DATASET EXTRACT -

※

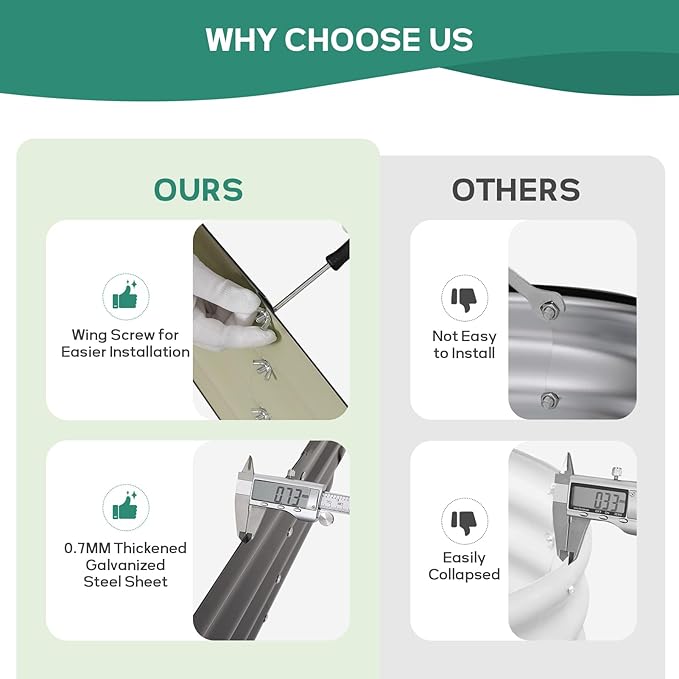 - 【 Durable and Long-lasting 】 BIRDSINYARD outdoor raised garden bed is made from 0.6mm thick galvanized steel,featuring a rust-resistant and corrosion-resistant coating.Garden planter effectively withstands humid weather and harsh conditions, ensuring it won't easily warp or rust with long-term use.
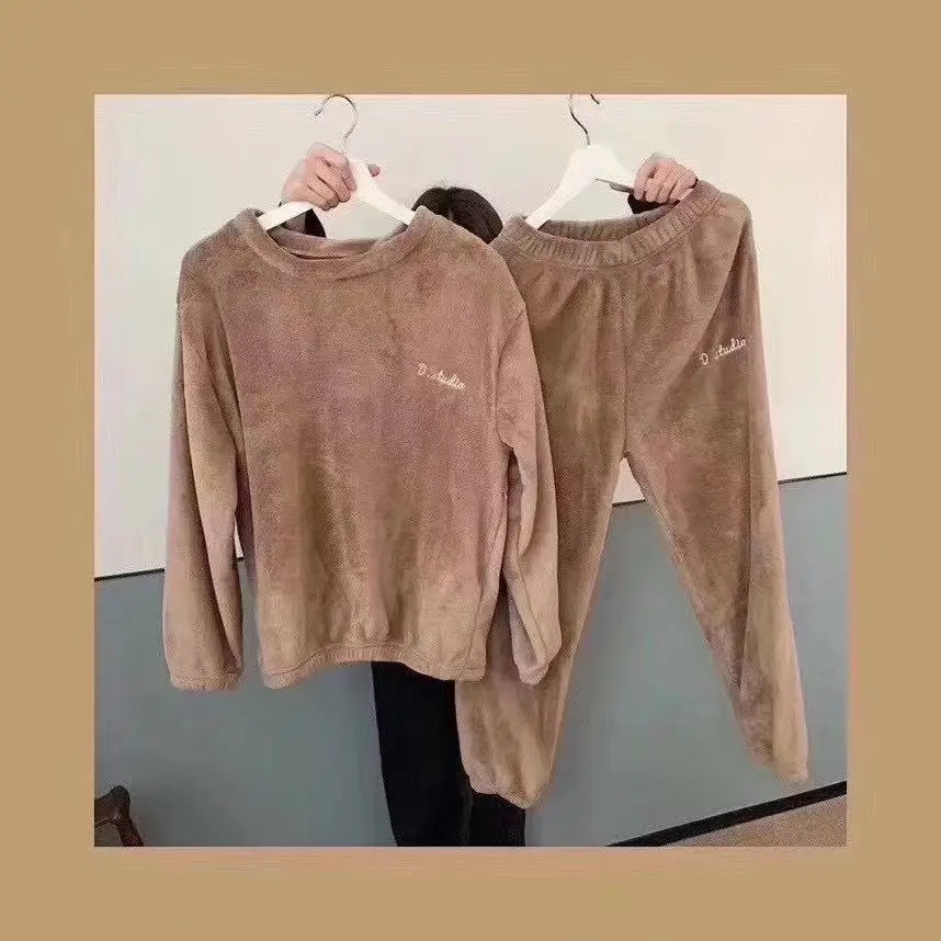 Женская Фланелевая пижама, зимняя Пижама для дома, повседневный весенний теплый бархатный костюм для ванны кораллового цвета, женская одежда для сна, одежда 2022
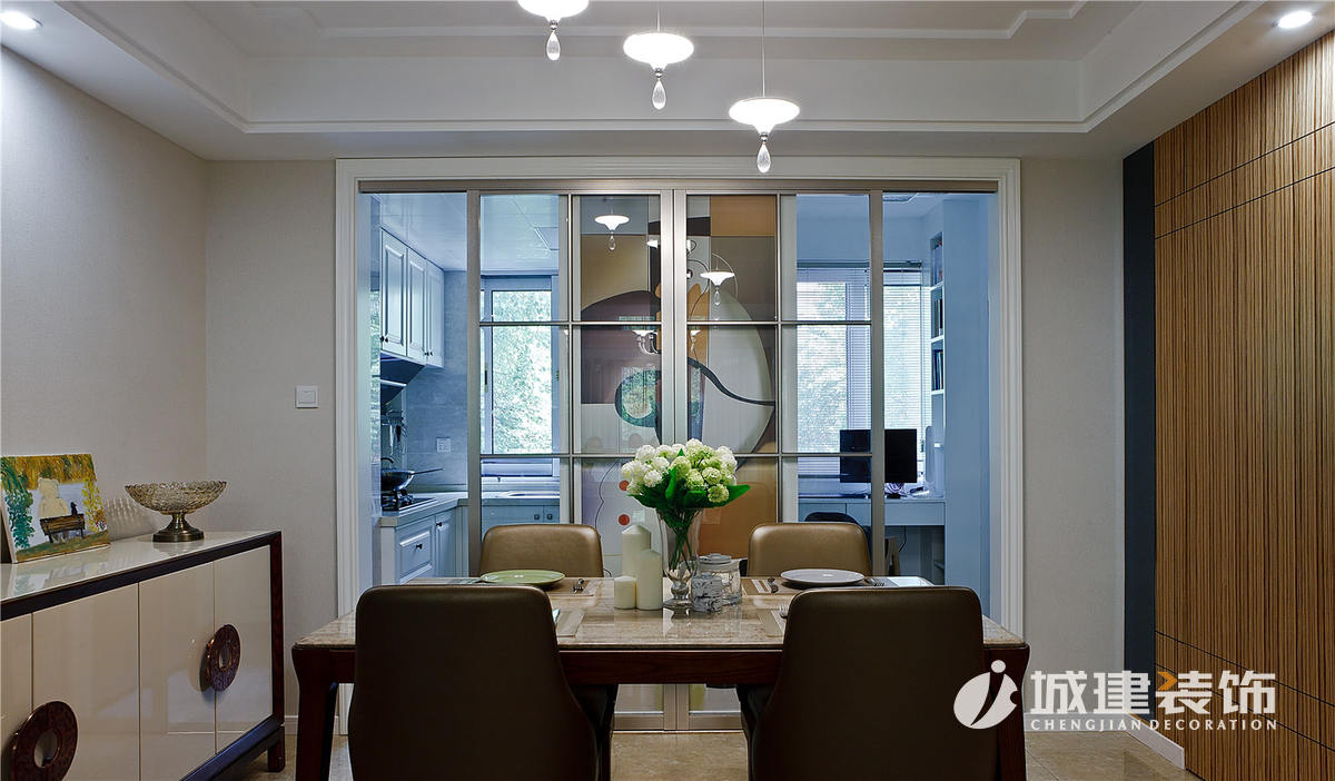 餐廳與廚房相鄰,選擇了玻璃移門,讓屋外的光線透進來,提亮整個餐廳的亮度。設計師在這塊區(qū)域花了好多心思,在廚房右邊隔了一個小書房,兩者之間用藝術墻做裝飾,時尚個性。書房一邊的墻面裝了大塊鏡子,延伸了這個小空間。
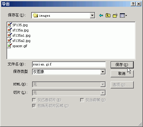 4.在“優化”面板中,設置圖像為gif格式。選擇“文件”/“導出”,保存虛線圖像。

※

BRIEF -
Print the complete listing exactly as it stands, without its pictures.

SOLUTION TO THE EXERCISE -
 - 【 Durable and Long-lasting 】 BIRDSINYARD outdoor raised garden bed is made from 0.6mm thick galvanized steel,featuring a rust-resistant and corrosion-resistant coating.Garden planter effectively withstands humid weather and harsh conditions, ensuring it won't easily warp or rust with long-term use.
 Женская Фланелевая пижама, зимняя Пижама для дома, повседневный весенний теплый бархатный костюм для ванны кораллового цвета, женская одежда для сна, одежда 2022
 餐廳與廚房相鄰,選擇了玻璃移門,讓屋外的光線透進來,提亮整個餐廳的亮度。設計師在這塊區(qū)域花了好多心思,在廚房右邊隔了一個小書房,兩者之間用藝術墻做裝飾,時尚個性。書房一邊的墻面裝了大塊鏡子,延伸了這個小空間。
 4.在“優化”面板中,設置圖像為gif格式。選擇“文件”/“導出”,保存虛線圖像。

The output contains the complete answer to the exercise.